La sociología de la educación caracteriza por:
- ser una sociología especial. Es decir, es una de las ciencias sociológicas (como también la sociología de la familia, la sociología del trabajo, la sociología de la religión) que se ocupan de alguno de los aspectos concretos de lo social. En este sentido es una rama de la sociología general, coordinada con las otras sociologías especiales mencionadas.

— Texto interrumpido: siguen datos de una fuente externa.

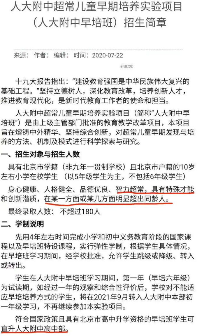 另一方面,六小强一些特批项目,比如人大附中的早陪班,还有十一学校的综合优异,并不是锁区的,而是面向全北京招生。分母变大了,这也直接导致录取率再次降低。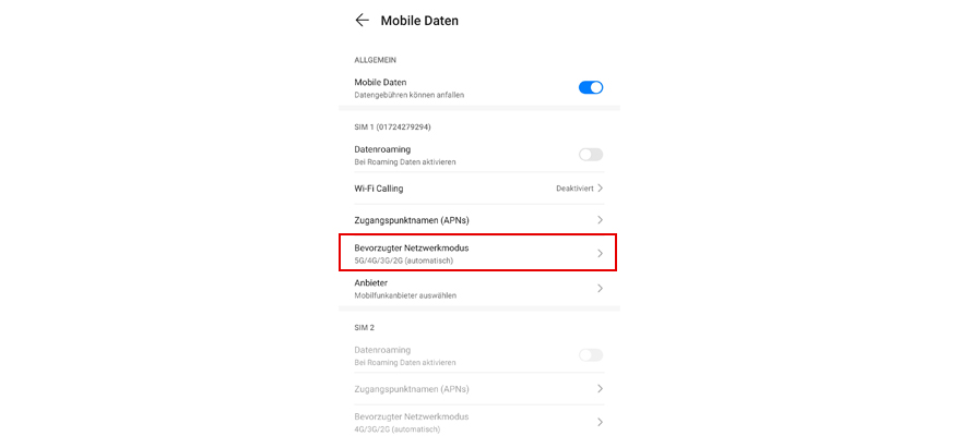 Wähl Bevorzugter Netzwerkmodus.

- ser una ciencia de la educación, en tanto que tiene como objeto de estudio la educación. Esto no significa que sea una ciencia pedagógica, ni que pertenezca a la pedagogía, sino que es una ciencia sociológica que pertenece a la sociología. La sociología de la educación busca plantear el fenómeno educativo, explicarlo como hecho social que es. Explica el fenómeno educativo desde el punto de vista sociológico, no desde lo educativo o pedagógico
- ser una disciplina explicativa y descriptiva, esencialmente, frente a otras que pretenden o tienen por objetivo principal intervenir en el proceso educativo. Esta afirmación que opone a la sociología de la educación a las didácticas y psicología de la educación, no quita que la sociología de la educación posea un carácter provocador y crítico que provoque y oriente con sus resultados, cambios y transformaciones, no solo educativos, también sociales.

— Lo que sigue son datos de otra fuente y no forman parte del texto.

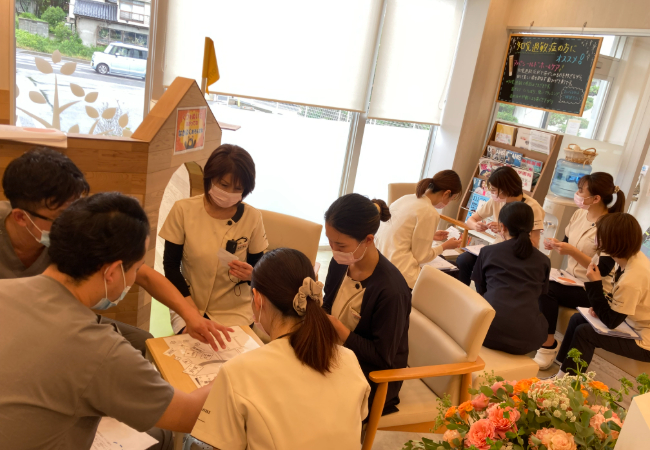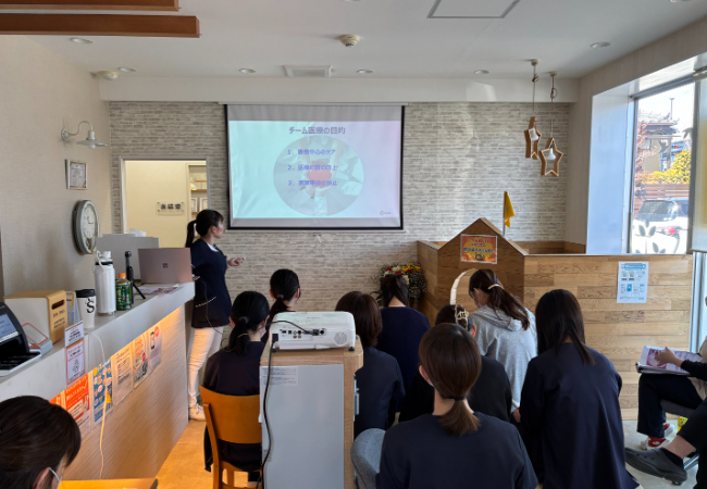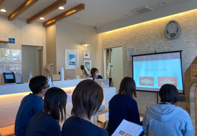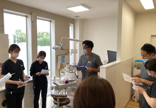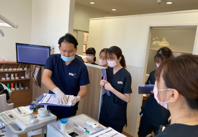 月2回水曜の午前診療終わりに30分ほどの勉強会をします。スタッフが輪番制で司会をし、その日に行う議題を用意し、皆で学びます。時に実技練習も行います。

Han sido numerosos los aportes que desde la sociología se han desarrollado acerca de la educación. Tantos aportes que se podrían organizar por escuelas, tradiciones o corrientes para un mayor entendimiento del tema y de las diversas perspectivas dentro de una misma ciencia.
APORTE DE DURKHEIM
También conocida por algunos autores como la perspectiva del consenso o positivista, ha tenido una larga tradición dentro de los ámbitos académicos. Aquí particularmente se hará referencia a uno de los principales exponentes en Francia.
En su obra el filósofo Emile Durkheim (1858-1917) le da a la educación y al sistema educativo un lugar prioritario en relación con la sociedad. Junto a su producción escrita, su carrera docente combinó en varias ocasiones la educación y las ciencias sociales.

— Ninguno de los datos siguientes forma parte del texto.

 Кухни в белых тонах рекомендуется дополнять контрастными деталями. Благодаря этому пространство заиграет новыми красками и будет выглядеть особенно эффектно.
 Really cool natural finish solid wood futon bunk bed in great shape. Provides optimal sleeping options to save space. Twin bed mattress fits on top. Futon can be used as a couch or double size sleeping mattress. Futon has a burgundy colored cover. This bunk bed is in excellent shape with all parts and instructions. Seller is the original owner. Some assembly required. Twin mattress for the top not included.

Lo anterior sucedió cuando obtuvo la cátedra de pedagogía y ciencias sociales de la Universidad de Burdeos (1896), o cuando fue nombrado profesor titular del curso de ciencia de la educación y sociología en la Universidad de la Sorbona (1902), donde “defendió la necesidad de recurrir a la sociología de la educación para sustentar tanto las teorías como las prácticas pedagógicas, pues toda educación es de naturaleza social”.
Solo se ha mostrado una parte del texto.